#### WORK TASK:
Your task is to copy the lines of the data below from the line holding "vezetésének elősegítése érdekében." through the line holding "100% waterproof polyester", inclusive, exactly and with nothing added.

#### MATERIALS PROVIDED:
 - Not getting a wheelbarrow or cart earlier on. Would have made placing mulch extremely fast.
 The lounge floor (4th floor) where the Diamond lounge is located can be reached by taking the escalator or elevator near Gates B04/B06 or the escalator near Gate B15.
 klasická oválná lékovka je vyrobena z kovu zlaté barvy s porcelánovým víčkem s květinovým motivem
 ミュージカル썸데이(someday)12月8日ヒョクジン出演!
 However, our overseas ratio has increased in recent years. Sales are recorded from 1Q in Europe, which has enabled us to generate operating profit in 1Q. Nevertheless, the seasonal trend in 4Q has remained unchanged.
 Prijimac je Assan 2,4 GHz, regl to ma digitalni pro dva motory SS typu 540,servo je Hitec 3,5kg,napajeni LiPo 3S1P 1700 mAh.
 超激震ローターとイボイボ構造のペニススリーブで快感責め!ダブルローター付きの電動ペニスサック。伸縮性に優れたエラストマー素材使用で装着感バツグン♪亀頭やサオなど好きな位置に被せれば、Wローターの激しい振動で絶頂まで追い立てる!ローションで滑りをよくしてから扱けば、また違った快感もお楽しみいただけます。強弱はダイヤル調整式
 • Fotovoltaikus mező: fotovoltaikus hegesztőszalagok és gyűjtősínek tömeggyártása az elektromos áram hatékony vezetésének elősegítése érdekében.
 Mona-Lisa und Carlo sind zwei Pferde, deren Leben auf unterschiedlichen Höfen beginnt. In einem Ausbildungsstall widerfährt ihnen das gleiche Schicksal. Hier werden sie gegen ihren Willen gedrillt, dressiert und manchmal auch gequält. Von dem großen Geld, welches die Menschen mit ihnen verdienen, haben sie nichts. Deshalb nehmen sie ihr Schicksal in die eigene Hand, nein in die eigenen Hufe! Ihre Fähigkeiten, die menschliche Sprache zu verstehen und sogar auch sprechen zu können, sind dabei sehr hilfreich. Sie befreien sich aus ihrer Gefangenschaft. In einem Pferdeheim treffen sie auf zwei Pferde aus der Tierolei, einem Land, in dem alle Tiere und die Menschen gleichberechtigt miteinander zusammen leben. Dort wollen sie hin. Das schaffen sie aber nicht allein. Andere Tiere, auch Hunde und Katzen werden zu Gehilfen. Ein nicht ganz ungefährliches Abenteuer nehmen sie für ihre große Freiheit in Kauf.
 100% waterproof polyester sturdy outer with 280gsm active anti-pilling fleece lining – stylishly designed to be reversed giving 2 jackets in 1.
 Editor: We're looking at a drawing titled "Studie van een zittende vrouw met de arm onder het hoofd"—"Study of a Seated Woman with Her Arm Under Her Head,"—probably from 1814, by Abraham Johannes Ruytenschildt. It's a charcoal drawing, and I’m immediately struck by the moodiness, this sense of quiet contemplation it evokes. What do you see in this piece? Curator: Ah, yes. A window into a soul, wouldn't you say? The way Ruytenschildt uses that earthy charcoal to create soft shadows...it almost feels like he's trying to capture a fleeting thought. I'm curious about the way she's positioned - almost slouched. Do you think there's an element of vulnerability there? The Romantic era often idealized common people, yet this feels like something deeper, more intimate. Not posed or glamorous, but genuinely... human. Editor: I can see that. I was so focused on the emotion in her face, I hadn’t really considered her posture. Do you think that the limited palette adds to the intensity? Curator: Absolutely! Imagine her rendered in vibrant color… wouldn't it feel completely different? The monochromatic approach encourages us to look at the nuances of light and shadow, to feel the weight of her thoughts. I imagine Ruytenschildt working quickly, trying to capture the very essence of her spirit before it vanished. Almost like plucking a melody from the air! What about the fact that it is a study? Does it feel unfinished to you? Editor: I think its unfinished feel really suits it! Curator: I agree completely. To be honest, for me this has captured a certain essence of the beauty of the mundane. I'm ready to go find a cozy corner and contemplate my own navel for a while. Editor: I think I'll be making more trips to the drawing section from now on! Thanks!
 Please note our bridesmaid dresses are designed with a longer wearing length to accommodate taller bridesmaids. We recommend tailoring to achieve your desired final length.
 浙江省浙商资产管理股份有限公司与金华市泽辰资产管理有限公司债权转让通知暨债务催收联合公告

#### REPLY:
 • Fotovoltaikus mező: fotovoltaikus hegesztőszalagok és gyűjtősínek tömeggyártása az elektromos áram hatékony vezetésének elősegítése érdekében.
 Mona-Lisa und Carlo sind zwei Pferde, deren Leben auf unterschiedlichen Höfen beginnt. In einem Ausbildungsstall widerfährt ihnen das gleiche Schicksal. Hier werden sie gegen ihren Willen gedrillt, dressiert und manchmal auch gequält. Von dem großen Geld, welches die Menschen mit ihnen verdienen, haben sie nichts. Deshalb nehmen sie ihr Schicksal in die eigene Hand, nein in die eigenen Hufe! Ihre Fähigkeiten, die menschliche Sprache zu verstehen und sogar auch sprechen zu können, sind dabei sehr hilfreich. Sie befreien sich aus ihrer Gefangenschaft. In einem Pferdeheim treffen sie auf zwei Pferde aus der Tierolei, einem Land, in dem alle Tiere und die Menschen gleichberechtigt miteinander zusammen leben. Dort wollen sie hin. Das schaffen sie aber nicht allein. Andere Tiere, auch Hunde und Katzen werden zu Gehilfen. Ein nicht ganz ungefährliches Abenteuer nehmen sie für ihre große Freiheit in Kauf.
 100% waterproof polyester sturdy outer with 280gsm active anti-pilling fleece lining – stylishly designed to be reversed giving 2 jackets in 1.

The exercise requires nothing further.